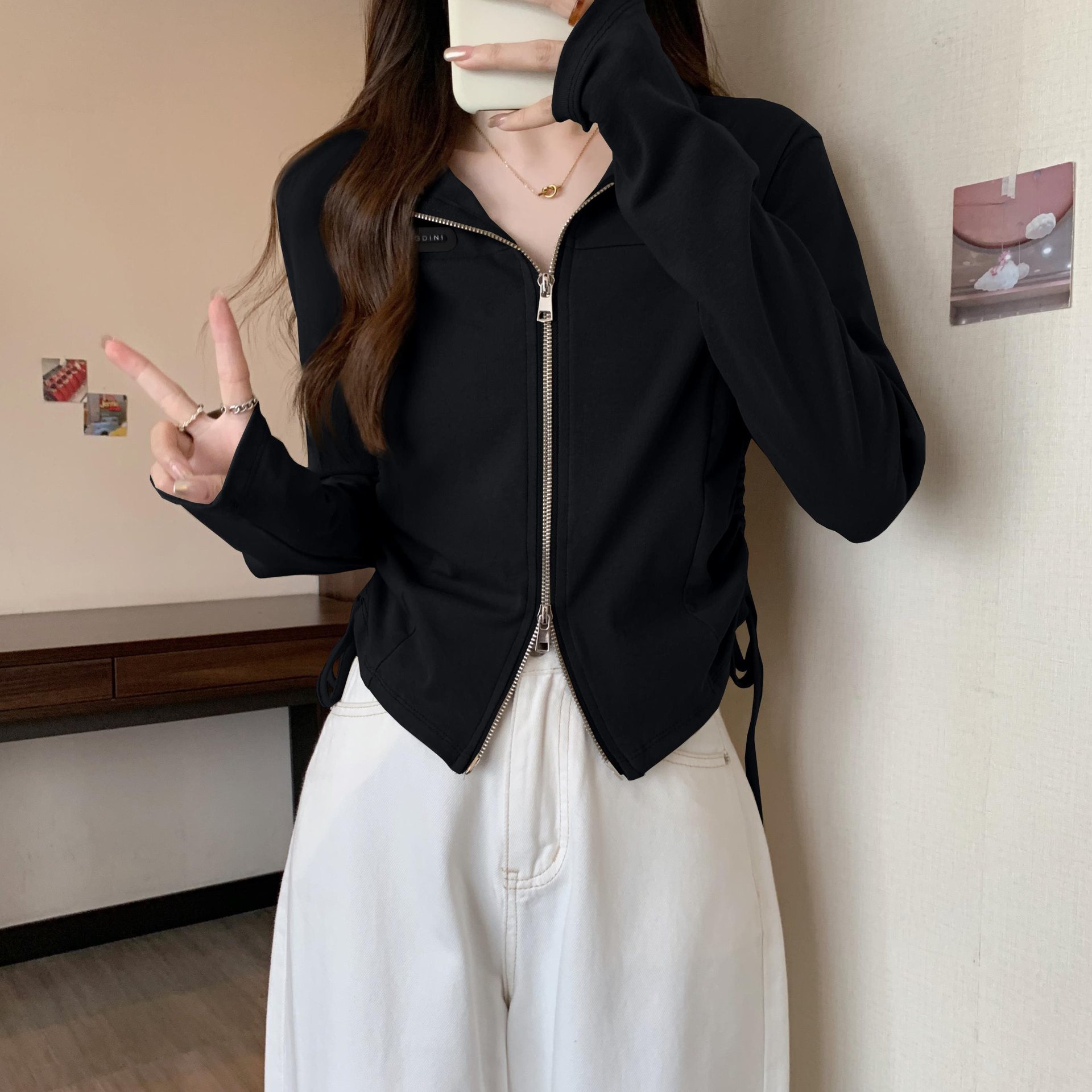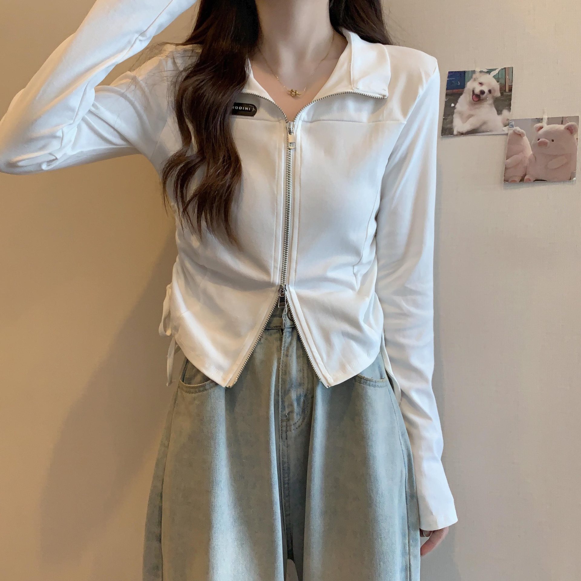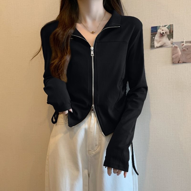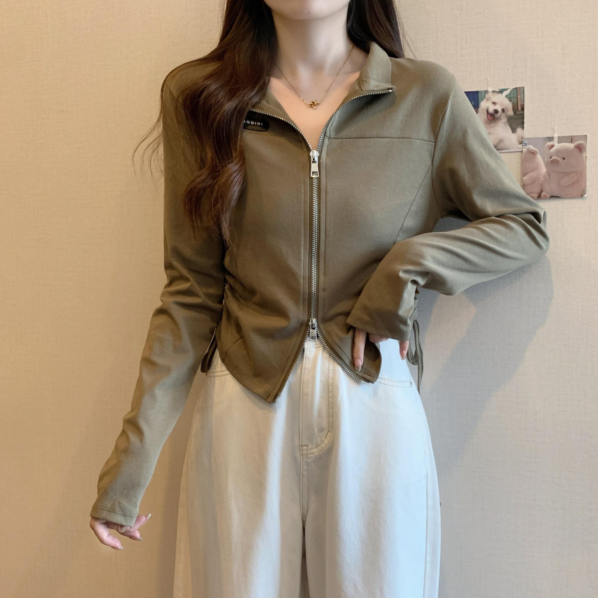 | nameOriginal | plus size Women's Early Spring Polo Collar Front Shoulder Zipper Cardigan Sweater Jacket chubby girl Slim-Fit Slim Belly Covering Short Top |
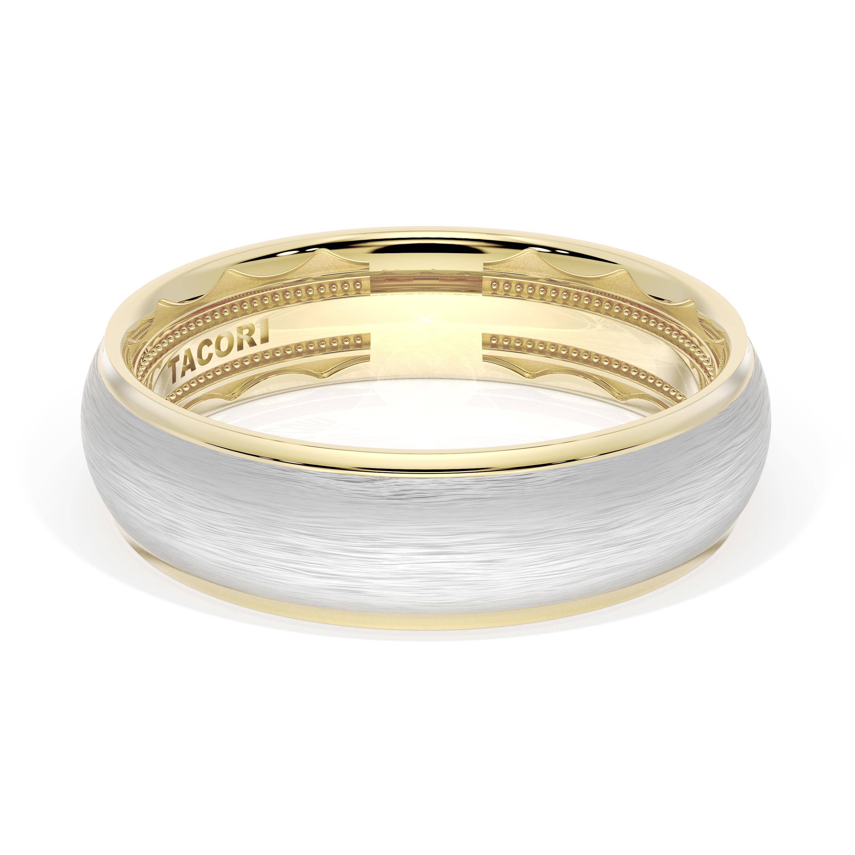 This two tone band of 18kt Yellow Gold & 18kt White Gold features a gently rounded ceiling with a brush finish and milgrain detailing on the inner face.
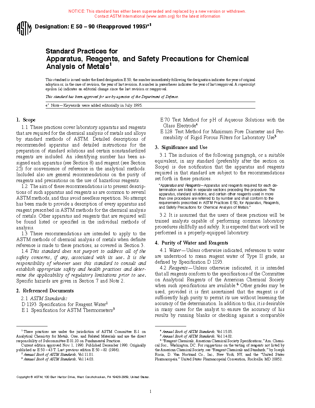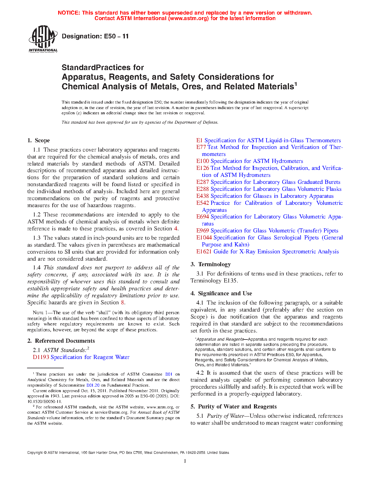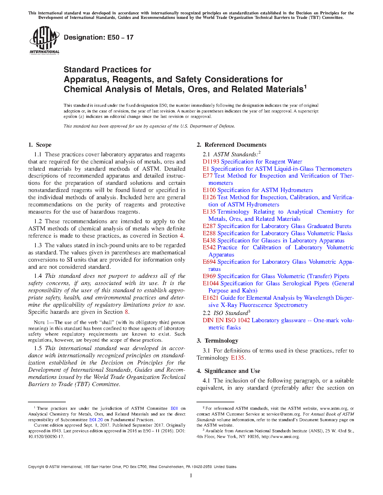 | “Apparatus and Reagents—Apparatus and reagents required for each determination are listed in separate sections preceding the procedure. Apparatus, standard solutions, and certain other reagents shall conform to the requirements prescribed in ASTM Practices E50, for Apparatus, Reagents, and Safety Considerations for Chemical Analysis of Metals, Ores, and Related Materials.” |
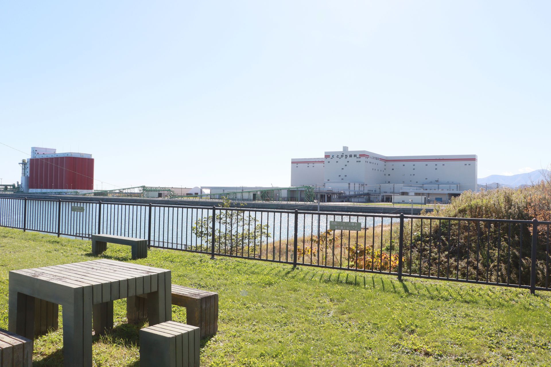 画像は十勝港親水緑地からの眺め。知る人ぞ知る、海を眺めながらのんびりできる穴場スポットです。とかち飼料を海側から見ることができますよ。
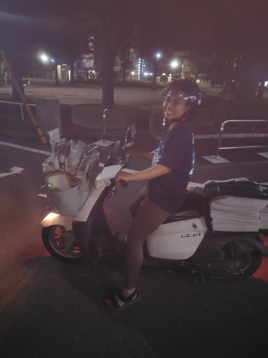 私は日本で新聞奨学生として働きながら学んでいます。午前1時から仕事が始まり、まず新聞にチラシを挟み、雨の日には1部ずつビニールで包んでからバイクに積み込みます。配達先は主に団地と呼ばれるアパートタイプの建物です。一般の住宅とは違い、バイクで玄関先まで配ることはできまません。建物に入って階段を上がったりポストの場所を探したりと、体力も時間も必要です。重い新聞を持ちながら何度も階段を上り下りする日は、汗がにじむほどです。

::::::::::

Your answer must reproduce exactly the lines from the line with "画像は十勝港親水緑地からの眺" through the end of the material, both ends included, with every picture dropped.

Answer for this exercise:
 画像は十勝港親水緑地からの眺め。知る人ぞ知る、海を眺めながらのんびりできる穴場スポットです。とかち飼料を海側から見ることができますよ。
 私は日本で新聞奨学生として働きながら学んでいます。午前1時から仕事が始まり、まず新聞にチラシを挟み、雨の日には1部ずつビニールで包んでからバイクに積み込みます。配達先は主に団地と呼ばれるアパートタイプの建物です。一般の住宅とは違い、バイクで玄関先まで配ることはできまません。建物に入って階段を上がったりポストの場所を探したりと、体力も時間も必要です。重い新聞を持ちながら何度も階段を上り下りする日は、汗がにじむほどです。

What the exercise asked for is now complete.